* _WHAT IS EXPECTED_: Restate the entries below exactly, and keep all images out of the answer.

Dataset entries
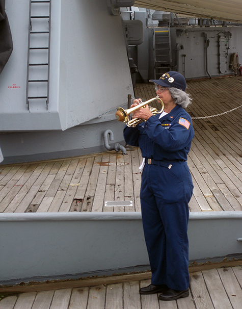 right shoulder. She is the now ships official bugler,
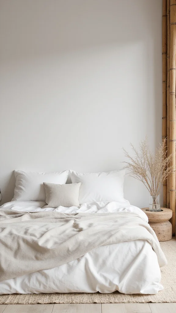 Zen rooms feel quiet when a white headboard meets bamboo accents. This pairing sparks calm and focus.
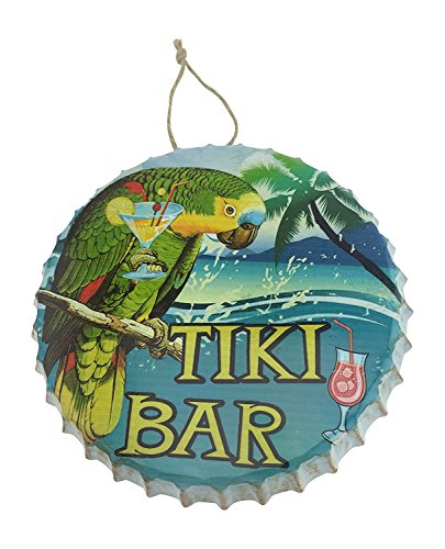 Tiki Bar Metal Bottle Cap Hanging Sign with Parrot
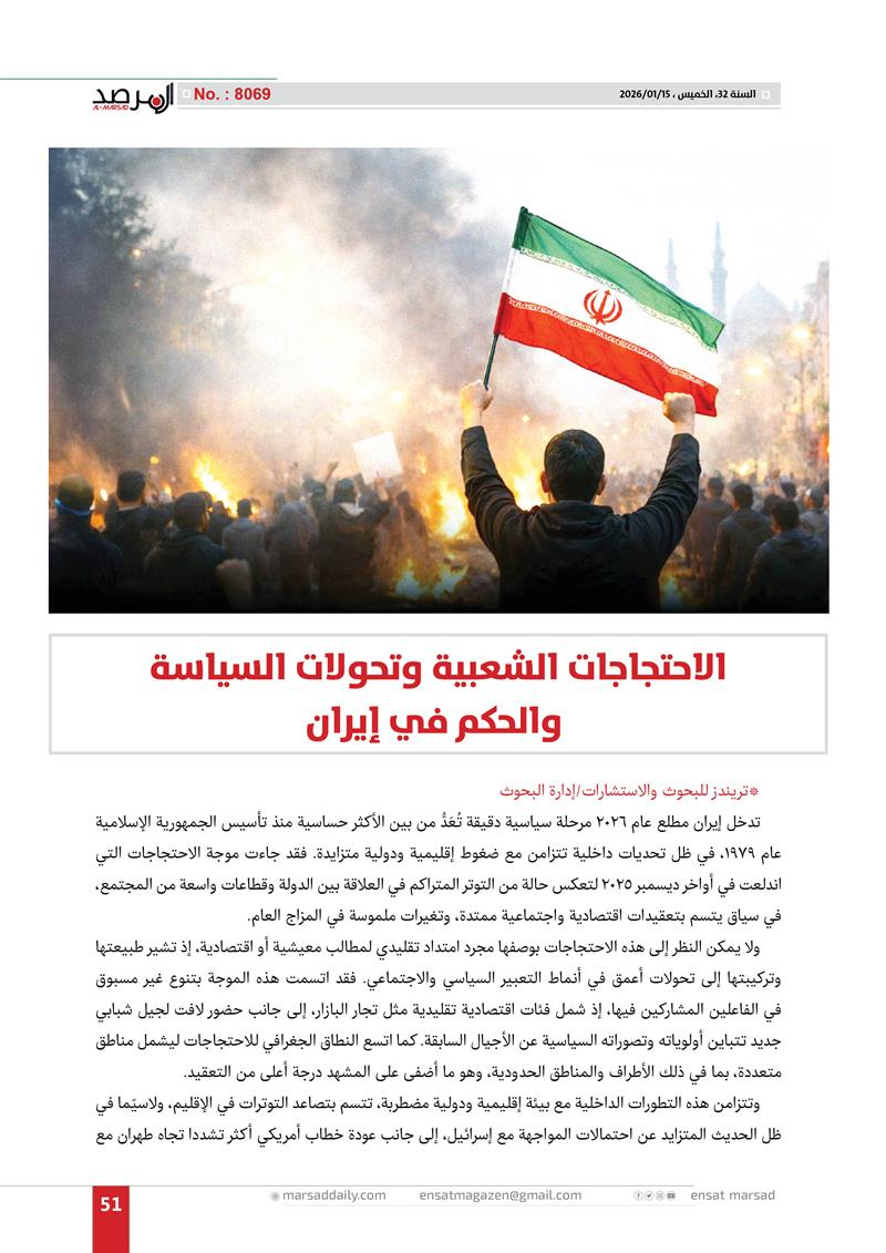 مركز دراسات: الاحتجاجات الشعبية وتحولات السياسة والحكم في إيران
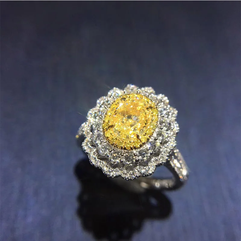 ANI 18K White Gold (AU750) Women Wedding Ring Certified Classic 1 CT Oval Cut Natural Yellow Diamond Fine Jewelry Customized
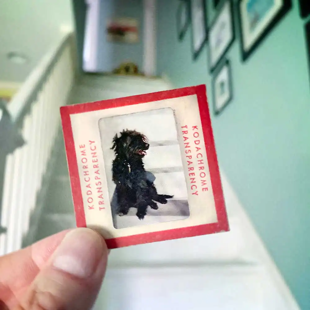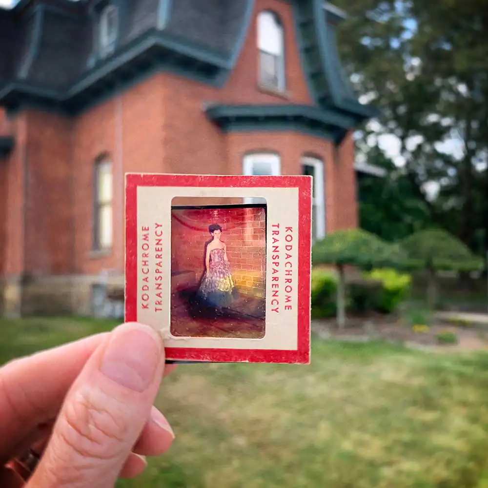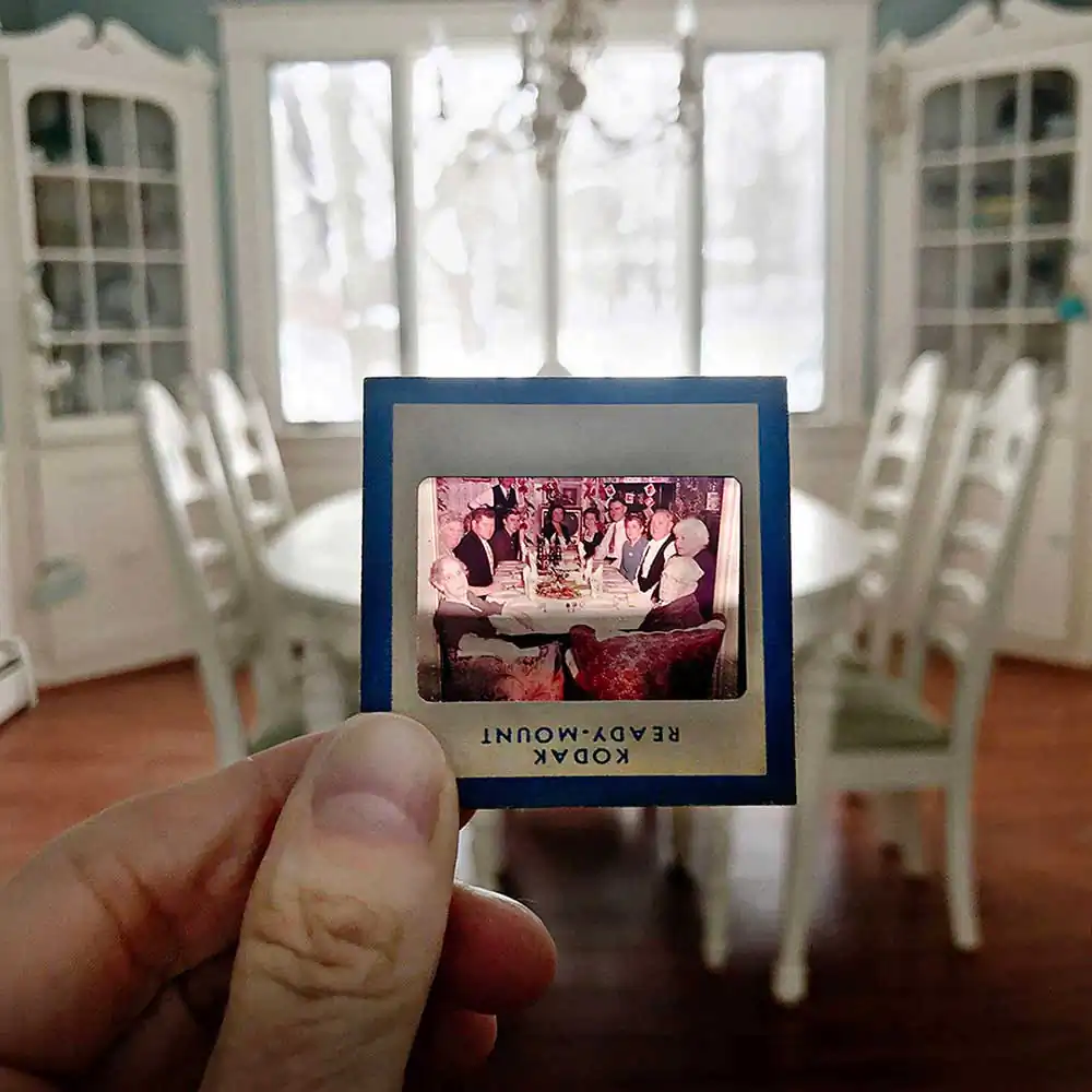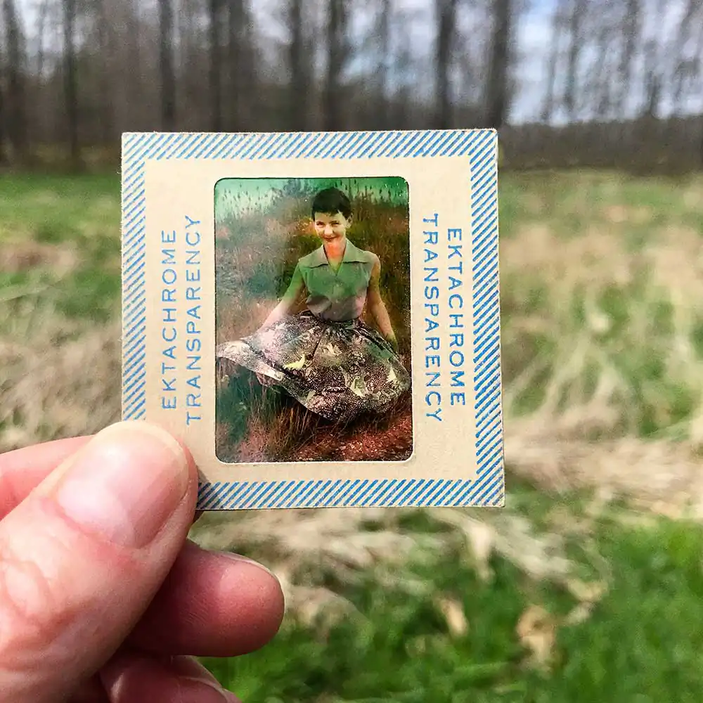 I realized that by placing the slides in my current landscape, I created not only a connection between his life and mine, but a trail of memories, each that had its own association for both of us. A lot of these slides are of my mom, they were together almost 60 years. She passed away recently and I feel like her spirit, and all the spirits of the past, are around us. These little vignettes of family life in my current “space” comforts me that she and others are still near, watching over me. They create a “home” for me wherever I go.

* _TASK RESULT_:
 right shoulder. She is the now ships official bugler,
 Zen rooms feel quiet when a white headboard meets bamboo accents. This pairing sparks calm and focus.
 Tiki Bar Metal Bottle Cap Hanging Sign with Parrot
 مركز دراسات: الاحتجاجات الشعبية وتحولات السياسة والحكم في إيران
 ANI 18K White Gold (AU750) Women Wedding Ring Certified Classic 1 CT Oval Cut Natural Yellow Diamond Fine Jewelry Customized
 I realized that by placing the slides in my current landscape, I created not only a connection between his life and mine, but a trail of memories, each that had its own association for both of us. A lot of these slides are of my mom, they were together almost 60 years. She passed away recently and I feel like her spirit, and all the spirits of the past, are around us. These little vignettes of family life in my current “space” comforts me that she and others are still near, watching over me. They create a “home” for me wherever I go.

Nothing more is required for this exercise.